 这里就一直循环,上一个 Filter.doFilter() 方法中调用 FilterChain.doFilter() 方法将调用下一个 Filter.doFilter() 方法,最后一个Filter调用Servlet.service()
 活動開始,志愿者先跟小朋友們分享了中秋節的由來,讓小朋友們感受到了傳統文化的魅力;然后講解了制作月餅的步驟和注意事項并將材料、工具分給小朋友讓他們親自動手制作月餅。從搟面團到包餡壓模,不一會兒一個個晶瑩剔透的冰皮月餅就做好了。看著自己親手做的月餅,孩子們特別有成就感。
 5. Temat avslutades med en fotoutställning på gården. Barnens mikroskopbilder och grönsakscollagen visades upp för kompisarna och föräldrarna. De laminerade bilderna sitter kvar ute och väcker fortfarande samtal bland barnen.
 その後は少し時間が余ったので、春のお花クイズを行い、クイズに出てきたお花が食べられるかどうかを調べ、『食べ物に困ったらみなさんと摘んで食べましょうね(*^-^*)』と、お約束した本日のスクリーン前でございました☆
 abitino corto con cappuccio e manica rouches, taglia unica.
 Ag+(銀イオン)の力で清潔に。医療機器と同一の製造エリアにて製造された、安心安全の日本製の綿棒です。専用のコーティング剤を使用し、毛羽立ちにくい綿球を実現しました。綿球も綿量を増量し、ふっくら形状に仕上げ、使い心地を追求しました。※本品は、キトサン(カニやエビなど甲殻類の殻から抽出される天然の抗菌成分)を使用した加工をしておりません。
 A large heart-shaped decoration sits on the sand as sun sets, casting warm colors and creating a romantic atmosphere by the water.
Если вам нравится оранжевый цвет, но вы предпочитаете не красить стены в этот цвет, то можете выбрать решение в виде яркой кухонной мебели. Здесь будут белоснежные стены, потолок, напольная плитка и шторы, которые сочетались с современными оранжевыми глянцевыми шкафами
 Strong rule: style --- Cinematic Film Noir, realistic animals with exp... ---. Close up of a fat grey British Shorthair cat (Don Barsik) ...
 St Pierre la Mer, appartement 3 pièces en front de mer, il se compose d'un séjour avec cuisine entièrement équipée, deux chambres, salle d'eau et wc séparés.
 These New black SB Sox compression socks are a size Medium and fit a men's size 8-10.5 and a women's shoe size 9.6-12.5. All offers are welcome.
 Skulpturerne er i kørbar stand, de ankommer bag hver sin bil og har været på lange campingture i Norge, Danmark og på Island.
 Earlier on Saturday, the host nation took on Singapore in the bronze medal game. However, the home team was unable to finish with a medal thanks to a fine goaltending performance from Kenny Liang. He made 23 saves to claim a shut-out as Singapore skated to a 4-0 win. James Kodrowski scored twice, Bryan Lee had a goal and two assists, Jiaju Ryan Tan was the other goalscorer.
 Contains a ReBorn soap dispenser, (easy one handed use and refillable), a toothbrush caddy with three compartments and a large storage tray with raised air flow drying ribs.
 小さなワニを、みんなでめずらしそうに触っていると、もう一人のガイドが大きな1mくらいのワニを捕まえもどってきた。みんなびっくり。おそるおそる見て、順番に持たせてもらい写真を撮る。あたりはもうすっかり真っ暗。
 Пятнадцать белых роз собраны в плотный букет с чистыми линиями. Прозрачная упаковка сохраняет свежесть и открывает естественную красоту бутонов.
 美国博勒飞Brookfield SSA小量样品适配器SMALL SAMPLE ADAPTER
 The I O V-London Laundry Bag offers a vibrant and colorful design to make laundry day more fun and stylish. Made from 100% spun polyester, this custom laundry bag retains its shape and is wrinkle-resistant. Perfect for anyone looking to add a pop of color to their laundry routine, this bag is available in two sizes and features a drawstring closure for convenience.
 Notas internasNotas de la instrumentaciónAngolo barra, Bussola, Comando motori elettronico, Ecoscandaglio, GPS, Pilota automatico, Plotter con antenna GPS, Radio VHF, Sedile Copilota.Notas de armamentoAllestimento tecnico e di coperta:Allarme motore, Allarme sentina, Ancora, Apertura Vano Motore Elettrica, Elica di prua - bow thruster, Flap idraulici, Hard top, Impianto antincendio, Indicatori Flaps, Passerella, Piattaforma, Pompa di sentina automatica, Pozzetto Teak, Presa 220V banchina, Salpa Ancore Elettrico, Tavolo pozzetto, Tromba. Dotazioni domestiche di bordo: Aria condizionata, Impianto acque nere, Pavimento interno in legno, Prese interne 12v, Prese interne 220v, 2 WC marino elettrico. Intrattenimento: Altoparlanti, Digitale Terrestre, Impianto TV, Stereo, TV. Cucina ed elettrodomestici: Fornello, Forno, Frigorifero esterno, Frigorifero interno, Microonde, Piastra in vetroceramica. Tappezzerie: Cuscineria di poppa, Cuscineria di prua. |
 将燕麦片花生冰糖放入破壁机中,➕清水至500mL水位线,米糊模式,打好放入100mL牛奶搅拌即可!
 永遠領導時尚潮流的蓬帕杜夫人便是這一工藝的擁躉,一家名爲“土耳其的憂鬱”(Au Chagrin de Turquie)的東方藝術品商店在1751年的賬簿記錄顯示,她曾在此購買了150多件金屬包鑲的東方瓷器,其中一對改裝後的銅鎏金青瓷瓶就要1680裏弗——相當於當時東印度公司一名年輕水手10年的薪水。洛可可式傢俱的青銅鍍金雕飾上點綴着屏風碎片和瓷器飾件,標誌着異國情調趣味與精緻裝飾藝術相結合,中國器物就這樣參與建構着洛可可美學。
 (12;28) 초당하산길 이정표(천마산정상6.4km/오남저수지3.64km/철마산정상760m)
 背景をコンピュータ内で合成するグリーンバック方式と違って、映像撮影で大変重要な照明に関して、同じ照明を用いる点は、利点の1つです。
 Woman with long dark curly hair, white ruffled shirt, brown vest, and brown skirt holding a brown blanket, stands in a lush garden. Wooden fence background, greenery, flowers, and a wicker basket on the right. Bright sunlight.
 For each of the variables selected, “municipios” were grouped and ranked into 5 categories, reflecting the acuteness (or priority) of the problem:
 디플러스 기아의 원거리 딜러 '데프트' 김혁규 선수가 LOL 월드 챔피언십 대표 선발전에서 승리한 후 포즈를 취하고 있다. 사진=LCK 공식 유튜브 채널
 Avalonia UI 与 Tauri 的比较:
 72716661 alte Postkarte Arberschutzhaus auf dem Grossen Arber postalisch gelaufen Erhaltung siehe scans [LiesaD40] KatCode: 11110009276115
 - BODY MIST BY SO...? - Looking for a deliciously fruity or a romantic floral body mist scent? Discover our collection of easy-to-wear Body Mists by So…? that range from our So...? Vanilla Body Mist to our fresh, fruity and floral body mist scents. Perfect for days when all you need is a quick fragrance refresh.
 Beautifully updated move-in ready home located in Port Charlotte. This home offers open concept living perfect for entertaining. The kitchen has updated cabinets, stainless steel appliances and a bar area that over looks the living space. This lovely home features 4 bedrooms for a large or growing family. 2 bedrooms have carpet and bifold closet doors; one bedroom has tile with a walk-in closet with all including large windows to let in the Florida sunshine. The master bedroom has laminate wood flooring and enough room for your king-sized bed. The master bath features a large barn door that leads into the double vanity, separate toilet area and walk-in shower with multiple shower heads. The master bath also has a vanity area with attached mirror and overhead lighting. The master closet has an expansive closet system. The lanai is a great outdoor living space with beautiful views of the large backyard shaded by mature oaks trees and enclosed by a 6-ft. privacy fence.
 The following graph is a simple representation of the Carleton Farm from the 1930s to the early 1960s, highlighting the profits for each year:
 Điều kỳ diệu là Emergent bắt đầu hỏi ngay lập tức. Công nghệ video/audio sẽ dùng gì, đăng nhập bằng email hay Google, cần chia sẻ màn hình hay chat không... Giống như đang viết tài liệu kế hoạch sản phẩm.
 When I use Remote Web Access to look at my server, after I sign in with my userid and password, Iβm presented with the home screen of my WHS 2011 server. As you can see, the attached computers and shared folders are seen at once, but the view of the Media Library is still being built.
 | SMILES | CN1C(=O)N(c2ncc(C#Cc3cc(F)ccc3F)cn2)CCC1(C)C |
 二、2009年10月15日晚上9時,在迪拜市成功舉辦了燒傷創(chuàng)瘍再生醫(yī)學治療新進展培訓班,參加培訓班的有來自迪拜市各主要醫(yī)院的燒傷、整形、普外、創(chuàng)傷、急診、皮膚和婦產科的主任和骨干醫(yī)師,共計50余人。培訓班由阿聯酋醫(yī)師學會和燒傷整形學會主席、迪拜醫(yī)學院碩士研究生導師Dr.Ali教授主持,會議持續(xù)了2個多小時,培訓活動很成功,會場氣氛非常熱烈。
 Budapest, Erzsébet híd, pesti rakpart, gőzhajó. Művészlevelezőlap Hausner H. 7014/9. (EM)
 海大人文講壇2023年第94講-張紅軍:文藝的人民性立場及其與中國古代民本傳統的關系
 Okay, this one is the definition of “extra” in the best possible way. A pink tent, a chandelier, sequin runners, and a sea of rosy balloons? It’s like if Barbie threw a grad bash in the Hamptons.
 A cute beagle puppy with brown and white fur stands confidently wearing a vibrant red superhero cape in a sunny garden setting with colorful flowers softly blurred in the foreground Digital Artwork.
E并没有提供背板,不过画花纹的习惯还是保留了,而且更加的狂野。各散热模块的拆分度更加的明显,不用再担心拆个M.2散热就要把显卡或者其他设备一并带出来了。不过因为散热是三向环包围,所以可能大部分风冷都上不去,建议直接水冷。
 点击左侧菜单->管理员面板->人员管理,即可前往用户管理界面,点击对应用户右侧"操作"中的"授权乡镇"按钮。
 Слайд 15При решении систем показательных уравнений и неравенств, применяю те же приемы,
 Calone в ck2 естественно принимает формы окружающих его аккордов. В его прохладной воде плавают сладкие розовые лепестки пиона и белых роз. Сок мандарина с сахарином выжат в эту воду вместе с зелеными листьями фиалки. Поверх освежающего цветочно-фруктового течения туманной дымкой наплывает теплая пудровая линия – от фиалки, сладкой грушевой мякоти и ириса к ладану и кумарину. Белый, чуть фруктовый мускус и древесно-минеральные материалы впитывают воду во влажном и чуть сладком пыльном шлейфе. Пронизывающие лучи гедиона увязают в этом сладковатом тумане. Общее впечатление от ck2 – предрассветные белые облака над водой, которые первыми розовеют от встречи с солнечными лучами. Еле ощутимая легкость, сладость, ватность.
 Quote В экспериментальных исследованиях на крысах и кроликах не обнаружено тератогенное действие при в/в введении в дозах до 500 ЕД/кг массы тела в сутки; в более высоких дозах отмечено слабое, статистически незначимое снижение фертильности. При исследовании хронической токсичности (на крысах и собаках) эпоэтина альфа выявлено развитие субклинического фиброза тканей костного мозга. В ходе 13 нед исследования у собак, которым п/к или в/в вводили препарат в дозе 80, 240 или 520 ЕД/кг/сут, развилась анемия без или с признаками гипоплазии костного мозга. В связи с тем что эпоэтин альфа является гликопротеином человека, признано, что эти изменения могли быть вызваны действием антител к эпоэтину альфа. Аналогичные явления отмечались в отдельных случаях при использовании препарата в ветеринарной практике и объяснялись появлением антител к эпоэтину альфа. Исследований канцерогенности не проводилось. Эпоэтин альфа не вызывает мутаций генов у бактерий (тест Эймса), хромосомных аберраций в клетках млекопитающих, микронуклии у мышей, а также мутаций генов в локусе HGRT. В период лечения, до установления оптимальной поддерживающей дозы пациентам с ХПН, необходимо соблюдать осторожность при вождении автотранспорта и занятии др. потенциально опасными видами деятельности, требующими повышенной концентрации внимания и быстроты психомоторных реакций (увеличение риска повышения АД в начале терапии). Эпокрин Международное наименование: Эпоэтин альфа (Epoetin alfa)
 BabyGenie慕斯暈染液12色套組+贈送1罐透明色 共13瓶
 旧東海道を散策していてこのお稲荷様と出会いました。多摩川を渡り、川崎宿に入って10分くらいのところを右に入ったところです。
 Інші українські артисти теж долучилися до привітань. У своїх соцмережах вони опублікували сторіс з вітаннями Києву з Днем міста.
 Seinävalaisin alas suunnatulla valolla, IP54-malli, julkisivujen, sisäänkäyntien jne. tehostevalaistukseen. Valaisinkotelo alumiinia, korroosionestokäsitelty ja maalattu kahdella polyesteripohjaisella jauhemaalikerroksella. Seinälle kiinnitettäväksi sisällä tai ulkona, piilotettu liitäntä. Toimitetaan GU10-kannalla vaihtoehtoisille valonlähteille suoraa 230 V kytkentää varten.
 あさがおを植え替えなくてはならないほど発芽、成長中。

+ + + + + + +

Exactly the lines from the one containing "旧東海道を散策していてこのお" to the final line of the data, both included, should be printed, and nothing more.

= COMPLETED TASK =
 旧東海道を散策していてこのお稲荷様と出会いました。多摩川を渡り、川崎宿に入って10分くらいのところを右に入ったところです。
 Інші українські артисти теж долучилися до привітань. У своїх соцмережах вони опублікували сторіс з вітаннями Києву з Днем міста.
 Seinävalaisin alas suunnatulla valolla, IP54-malli, julkisivujen, sisäänkäyntien jne. tehostevalaistukseen. Valaisinkotelo alumiinia, korroosionestokäsitelty ja maalattu kahdella polyesteripohjaisella jauhemaalikerroksella. Seinälle kiinnitettäväksi sisällä tai ulkona, piilotettu liitäntä. Toimitetaan GU10-kannalla vaihtoehtoisille valonlähteille suoraa 230 V kytkentää varten.
 あさがおを植え替えなくてはならないほど発芽、成長中。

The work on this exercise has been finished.